-- Data block follows --
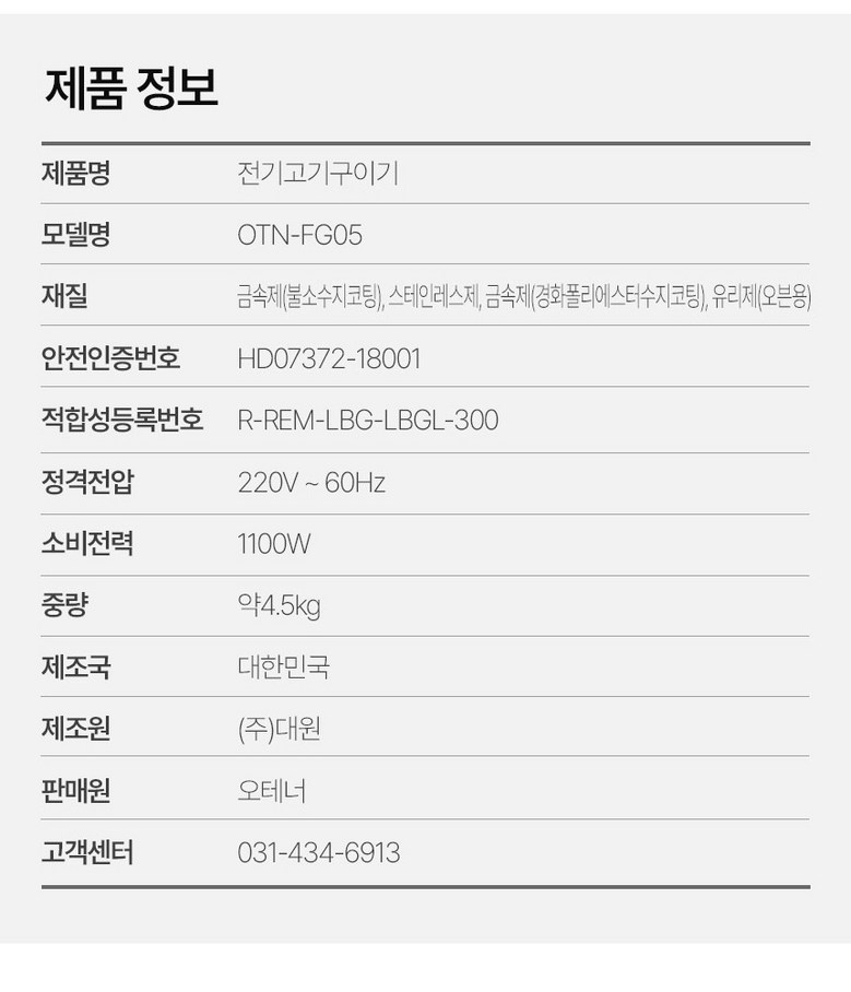 대원 x 오테너 국산 전기 양면그릴팬 생선구이기 > 주방·용품 | 에뽀끄몰
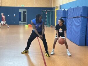 In der Sporthalle der Anne-Frank-Schule in Linden haben die Jugendlichen von 9 bis15.30 Uhr täglich ihre Fertigkeiten und Fähigkeiten im Basketball verbessert, an ihrer Fitness gearbeitet sowie kooperative Spiele durchgeführt.
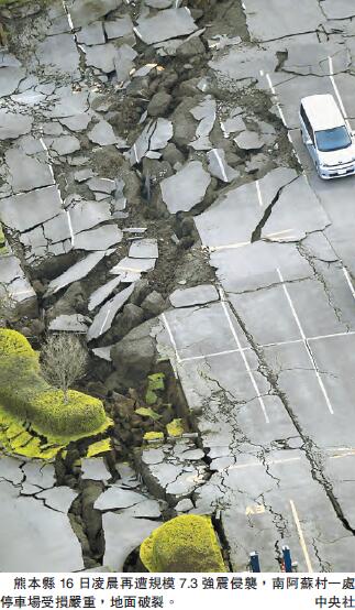 【香港商報網訊】當地時間16日凌晨1時25分,日本熊本縣再遇7.3級強震,震源深度12公里,南阿蘇村出現大規模塌方,山體大面積垮塌。截至昨晚數據,继14日發生第一次地震,日本兩次地震已增至41人喪命。日本氣象廳指出,14日晚9時26分觀測到的熊本縣規模達6.5級地震只是「前震」,16日凌晨這場地震才是主震,而今次地震所影響的範圍也比14日那次更廣。
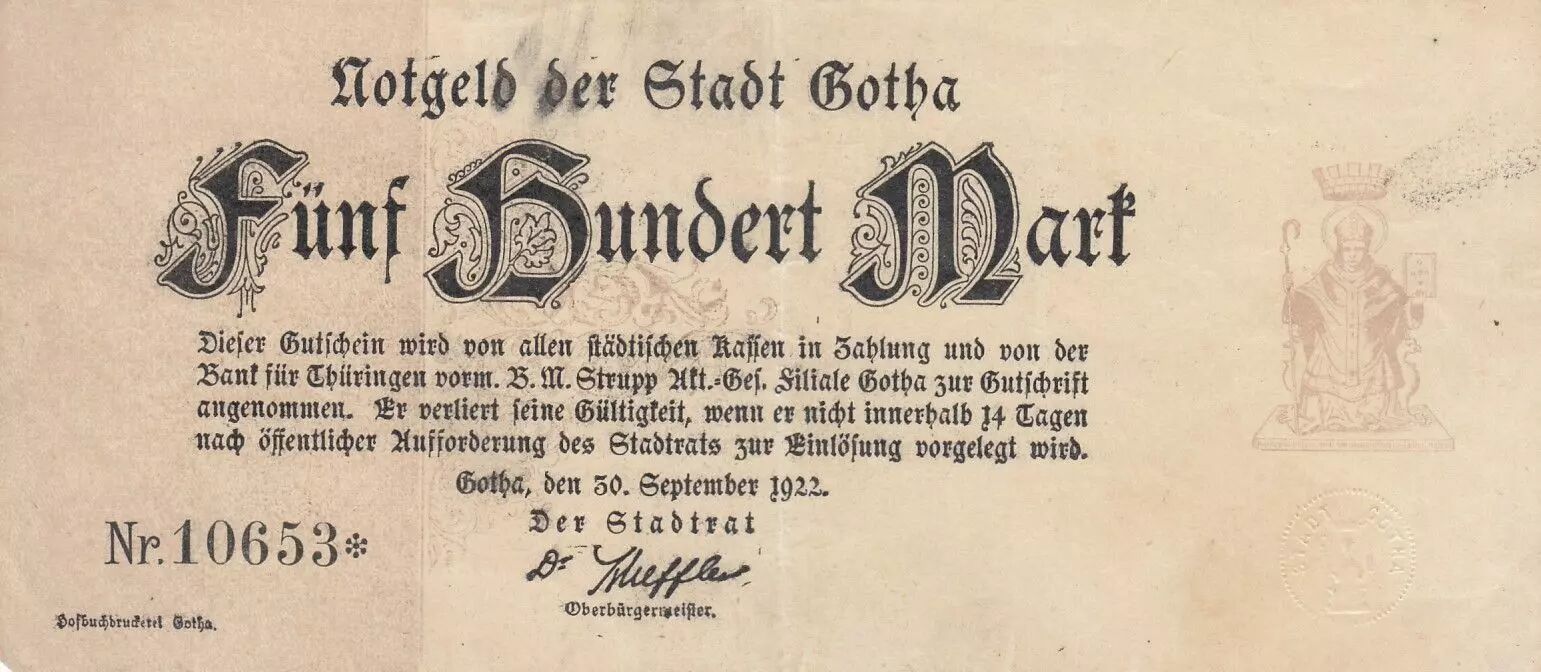 Billet Allemagne 500 mark - Etat de Gotha - Numéro 10653 - 1922
-- Data block concluded --
> Try it:
Except for the pictures, the whole listing above should be transcribed exactly.

> Finished exercise:
 대원 x 오테너 국산 전기 양면그릴팬 생선구이기 > 주방·용품 | 에뽀끄몰
 In der Sporthalle der Anne-Frank-Schule in Linden haben die Jugendlichen von 9 bis15.30 Uhr täglich ihre Fertigkeiten und Fähigkeiten im Basketball verbessert, an ihrer Fitness gearbeitet sowie kooperative Spiele durchgeführt.
 【香港商報網訊】當地時間16日凌晨1時25分,日本熊本縣再遇7.3級強震,震源深度12公里,南阿蘇村出現大規模塌方,山體大面積垮塌。截至昨晚數據,继14日發生第一次地震,日本兩次地震已增至41人喪命。日本氣象廳指出,14日晚9時26分觀測到的熊本縣規模達6.5級地震只是「前震」,16日凌晨這場地震才是主震,而今次地震所影響的範圍也比14日那次更廣。
 Billet Allemagne 500 mark - Etat de Gotha - Numéro 10653 - 1922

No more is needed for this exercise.